Nestlé Found a Way to Cut the Sugar in Chocolate by 40 Percent

Photo: Canan Czemmel/Getty Images/Westend61

Food giant Nestlé says it has figured out a way to make sugar taste just as sweet but be lower in calories, helping reduce the amount of sugar in its candy by up to 40 percent.

How did they do it? Scientists at the company altered the chemical structure of sugar so that its crystals are basically hollowed out but taste just as sweet. “It is sugar, but it is assembled differently so it can disassemble easily in your mouth with less going into your gastrointestinal tract,” Dr. Stefan Catsicas, the company’s chief technology officer, told the New York Times.

The result is reduced-calorie chocolate, but exactly how many fewer calories is unclear. The company didn’t go into additional detail as they’re going to patent the process but it will start using the new sugar in its Crunch, Butterfinger, and BabyRuth bars starting in 2018.

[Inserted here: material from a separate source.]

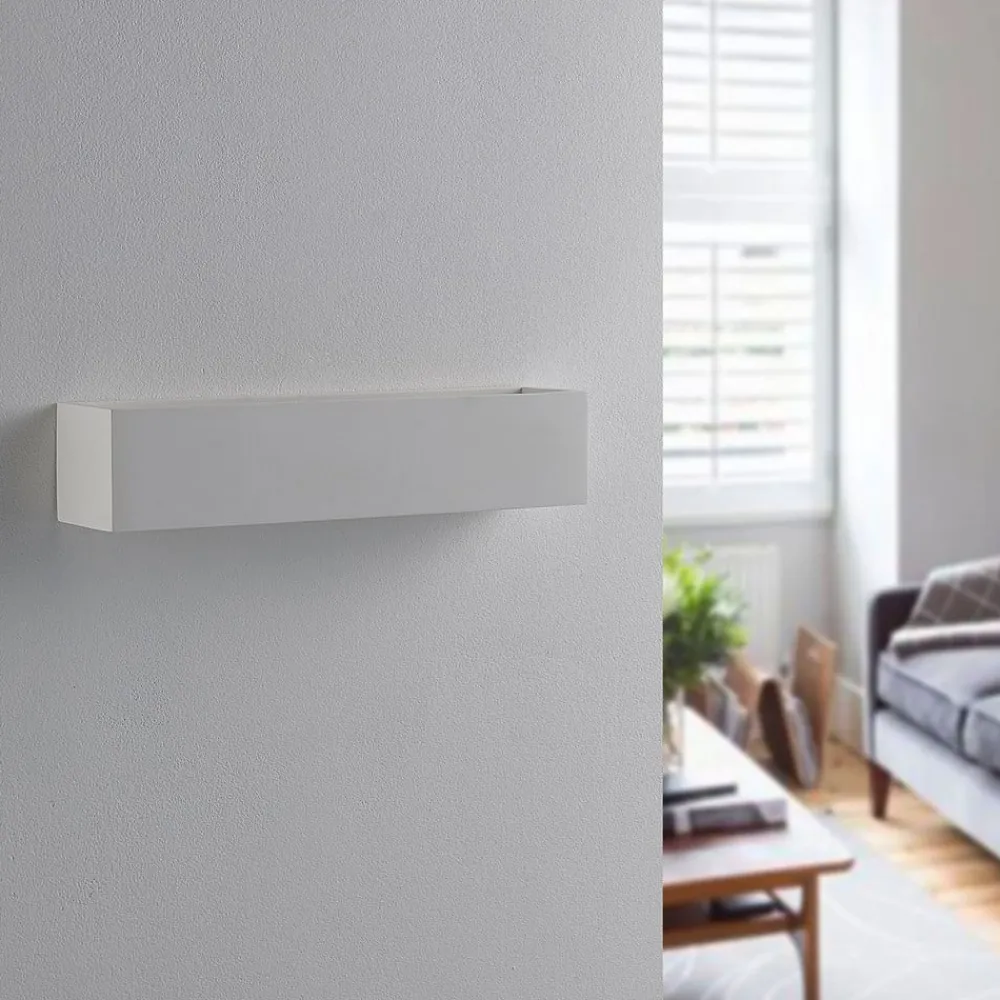 Tjada kantet gipsvægslampe i tidløs hvid Gipsvægslamper har nydt stor popularitet i et stykke tid nu. Den harmoniske hvide overflade er helt sikkert en af grundene til dette, men bestemt ikke den eneste. Men hvis du synes, at hvid er kedelig eller har andre grunde til det, kan du også male overfladen eller give den en anden farve, f.eks. ved at male den. Lyset slipper ud på en hjemlig måde og bidrager dermed til et hyggeligt udseende, som kan forstærkes yderligere ved at dæmpe pærerne.

This all sounds amazing until you remember that reduced-calorie foods with artificial sweeteners — looking at you, diet soda — can make you eat more by messing with your brain’s expectations of how much sustenance it’s about to get. Diet soda is particularly bad because it contains zero calories but is still very sweet, though studies in mice suggest that reduced-calorie foods can also increase hunger.

Even if you don’t feel hungrier after eating diet chocolate, you might think about the calories you saved and then eat them somewhere else. In playing mad scientist with sugar, snack companies are doing what they think they need to do as customers are trying to eat healthier, but just know that it might not save you any calories in the long run.